==== DATA TO PROCESS ====

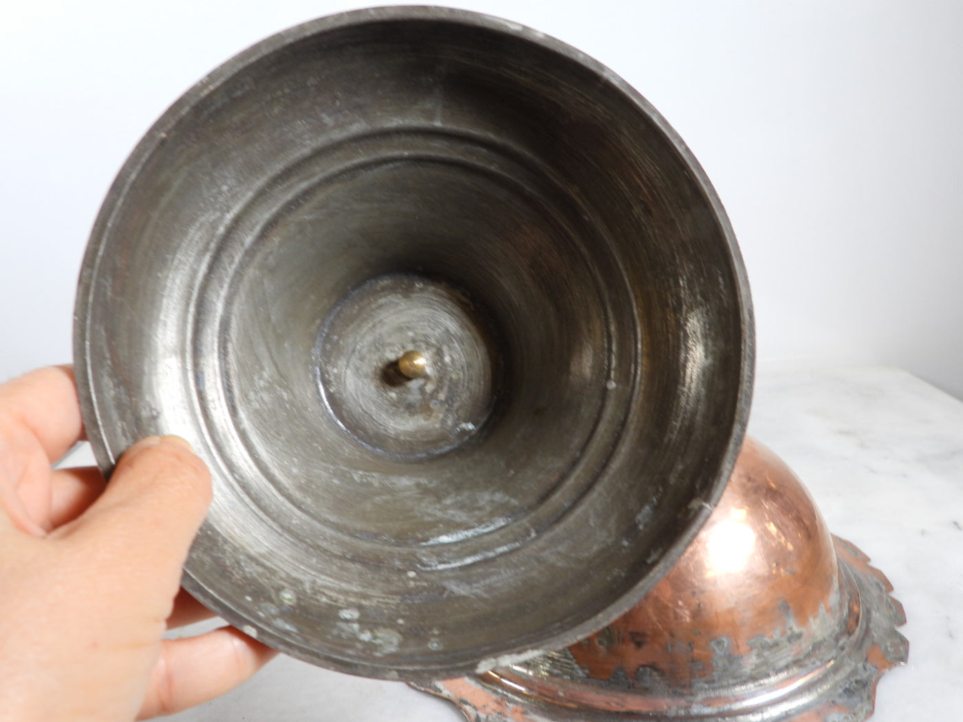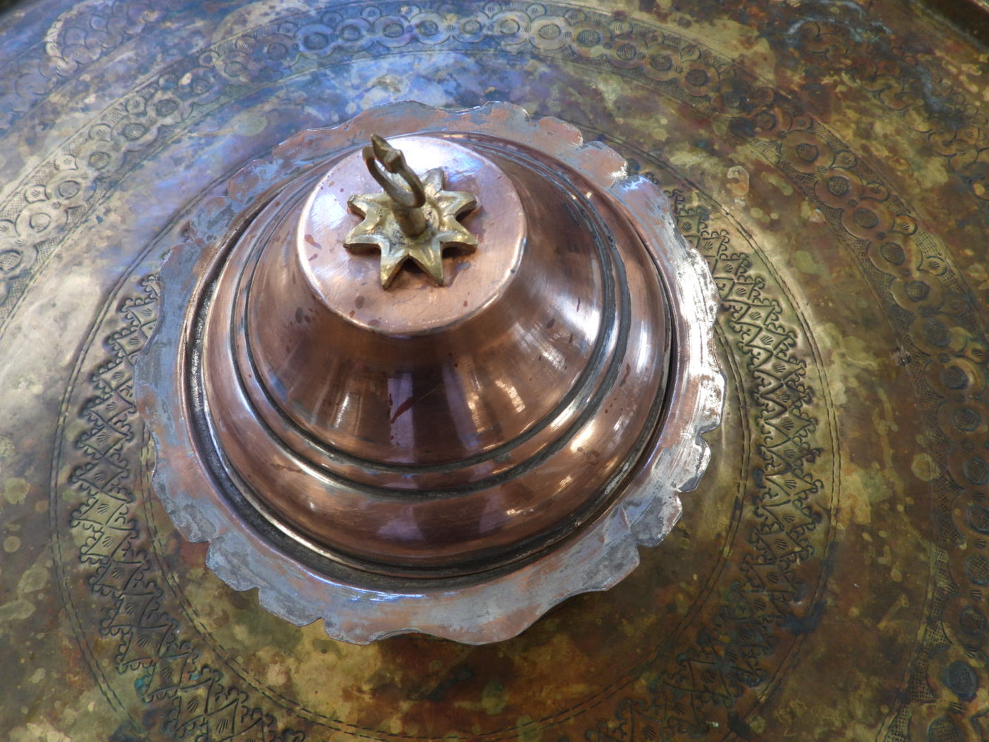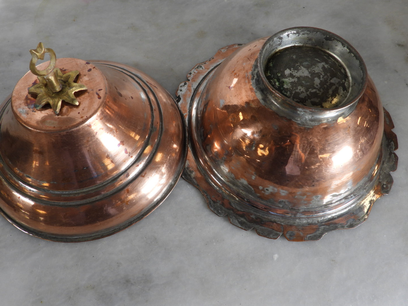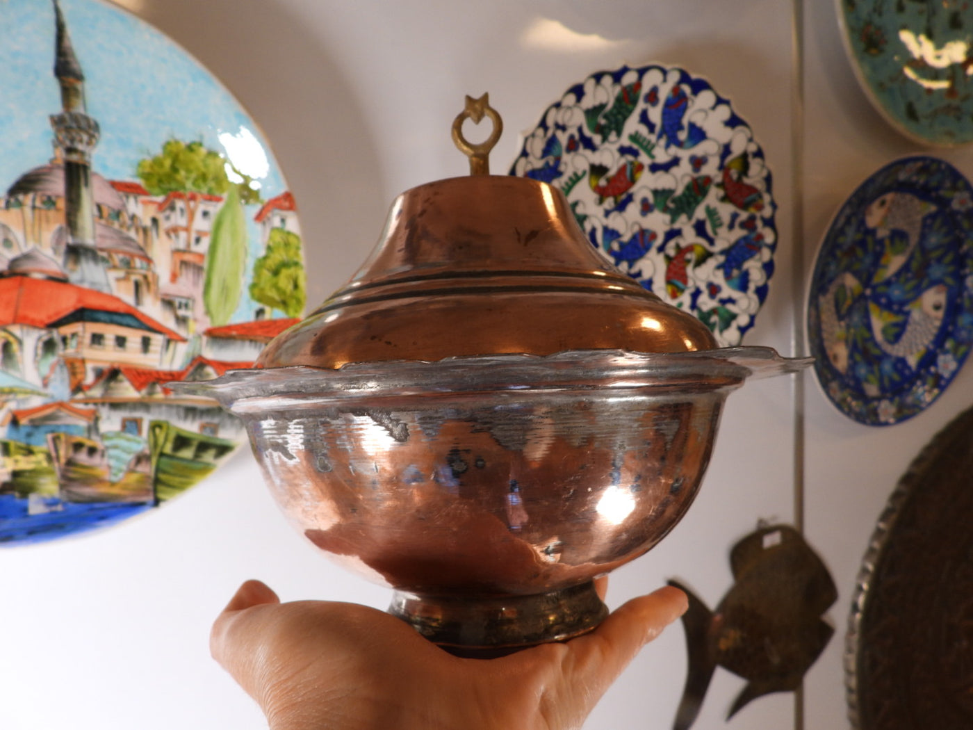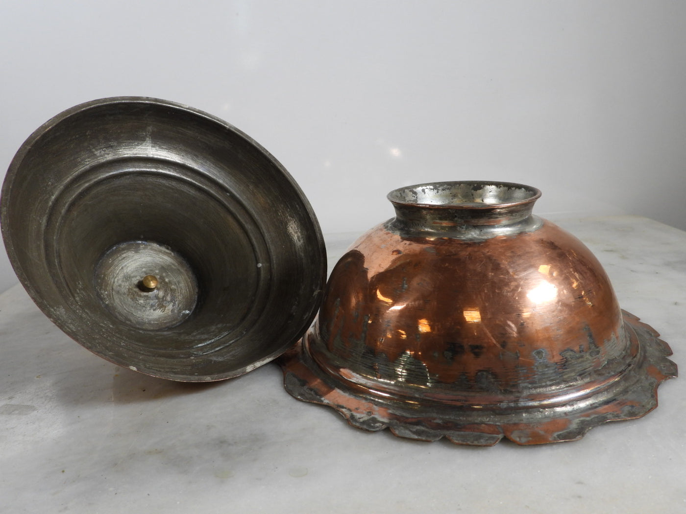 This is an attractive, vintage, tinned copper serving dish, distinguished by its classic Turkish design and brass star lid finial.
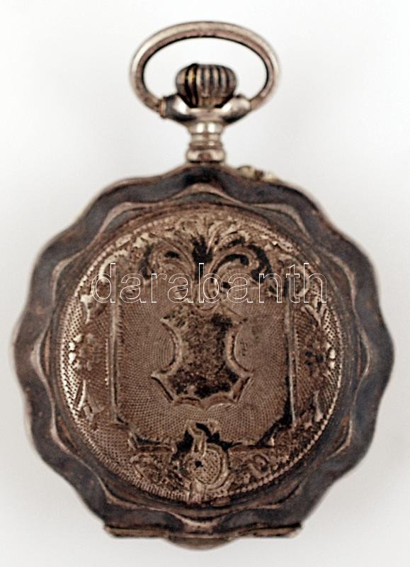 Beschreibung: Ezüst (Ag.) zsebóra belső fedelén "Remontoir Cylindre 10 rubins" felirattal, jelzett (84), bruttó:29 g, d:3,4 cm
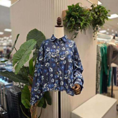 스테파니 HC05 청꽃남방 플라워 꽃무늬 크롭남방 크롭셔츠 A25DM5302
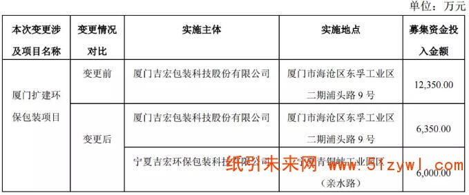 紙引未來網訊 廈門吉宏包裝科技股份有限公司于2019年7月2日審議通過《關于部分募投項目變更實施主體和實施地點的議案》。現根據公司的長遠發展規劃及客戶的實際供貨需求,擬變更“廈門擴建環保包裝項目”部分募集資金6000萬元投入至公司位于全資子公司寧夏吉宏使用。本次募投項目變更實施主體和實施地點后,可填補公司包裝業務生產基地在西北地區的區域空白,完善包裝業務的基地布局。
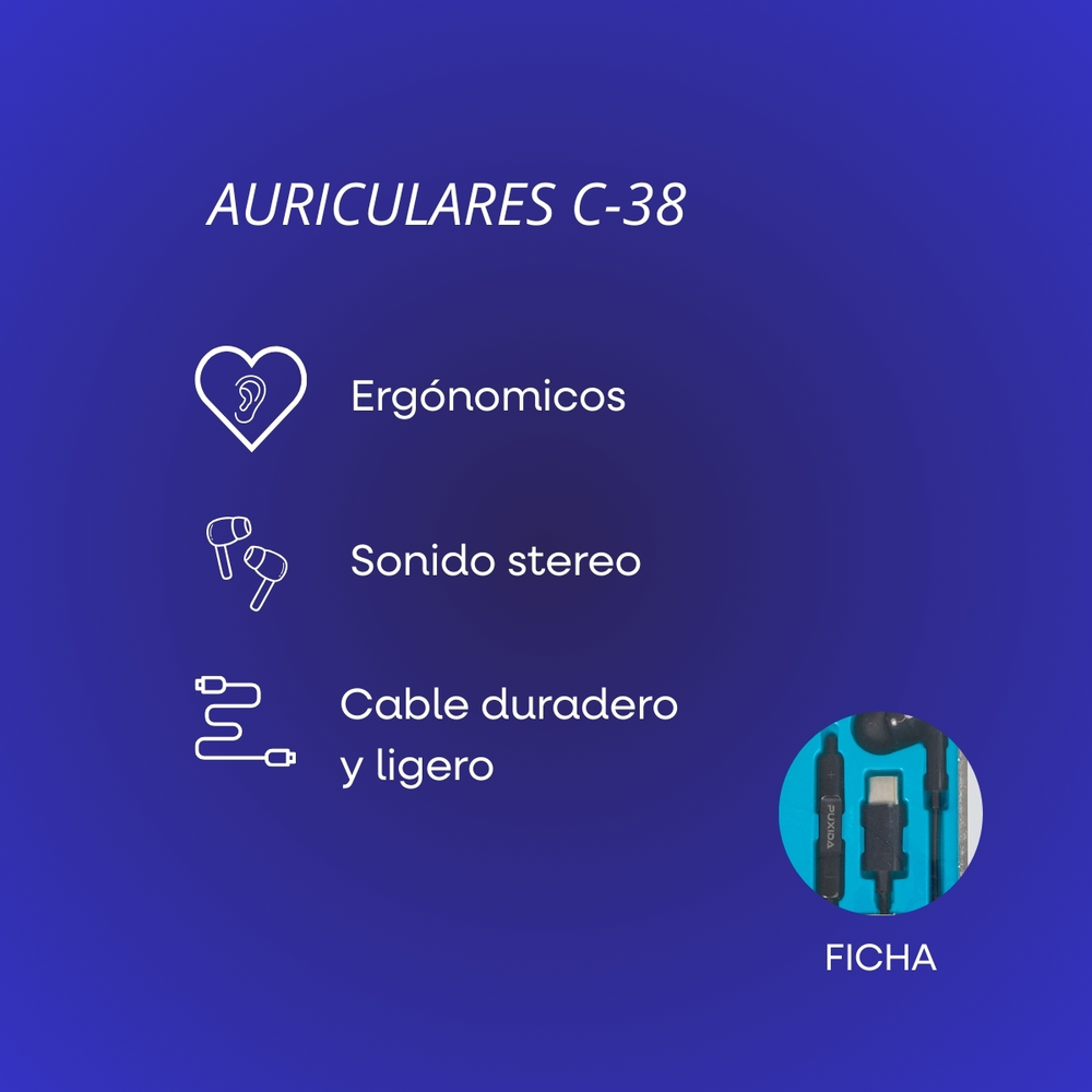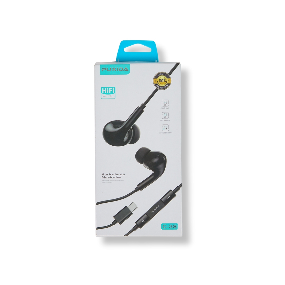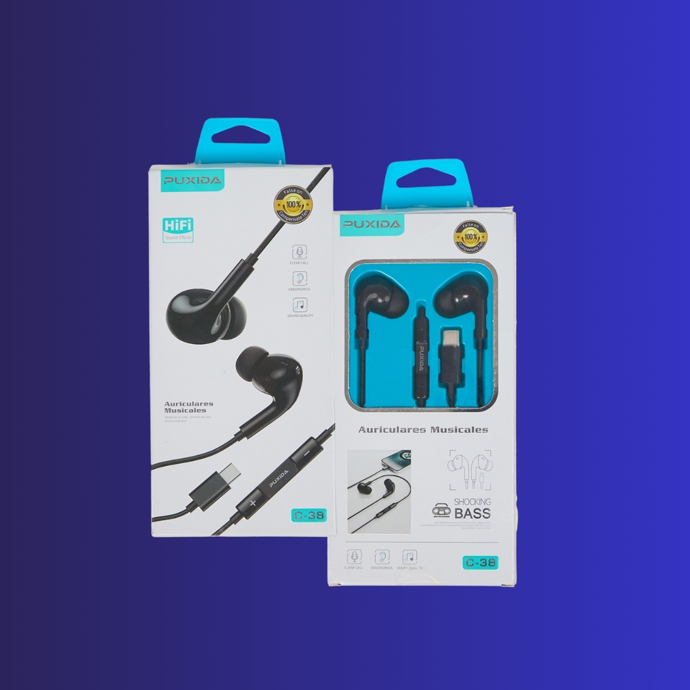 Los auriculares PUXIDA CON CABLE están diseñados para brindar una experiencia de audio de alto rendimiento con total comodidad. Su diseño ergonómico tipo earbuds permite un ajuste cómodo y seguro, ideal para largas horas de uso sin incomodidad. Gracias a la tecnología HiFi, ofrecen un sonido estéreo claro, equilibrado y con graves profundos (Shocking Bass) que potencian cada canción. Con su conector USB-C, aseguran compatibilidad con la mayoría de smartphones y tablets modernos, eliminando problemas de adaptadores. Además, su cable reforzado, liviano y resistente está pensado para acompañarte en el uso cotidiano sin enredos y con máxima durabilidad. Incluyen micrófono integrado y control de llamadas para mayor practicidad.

====

### PROBLEM REQUIREMENTS
Reproduce the data above exactly, but only the lines from the one showing "Beschreibung: Ezüst (Ag.)" through the one showing "紙引未來網訊 廈門吉宏包裝科", with both ends kept and the pictures left out.

### ANSWER TO THE PROBLEM
 Beschreibung: Ezüst (Ag.) zsebóra belső fedelén "Remontoir Cylindre 10 rubins" felirattal, jelzett (84), bruttó:29 g, d:3,4 cm
 스테파니 HC05 청꽃남방 플라워 꽃무늬 크롭남방 크롭셔츠 A25DM5302
 紙引未來網訊 廈門吉宏包裝科技股份有限公司于2019年7月2日審議通過《關于部分募投項目變更實施主體和實施地點的議案》。現根據公司的長遠發展規劃及客戶的實際供貨需求,擬變更“廈門擴建環保包裝項目”部分募集資金6000萬元投入至公司位于全資子公司寧夏吉宏使用。本次募投項目變更實施主體和實施地點后,可填補公司包裝業務生產基地在西北地區的區域空白,完善包裝業務的基地布局。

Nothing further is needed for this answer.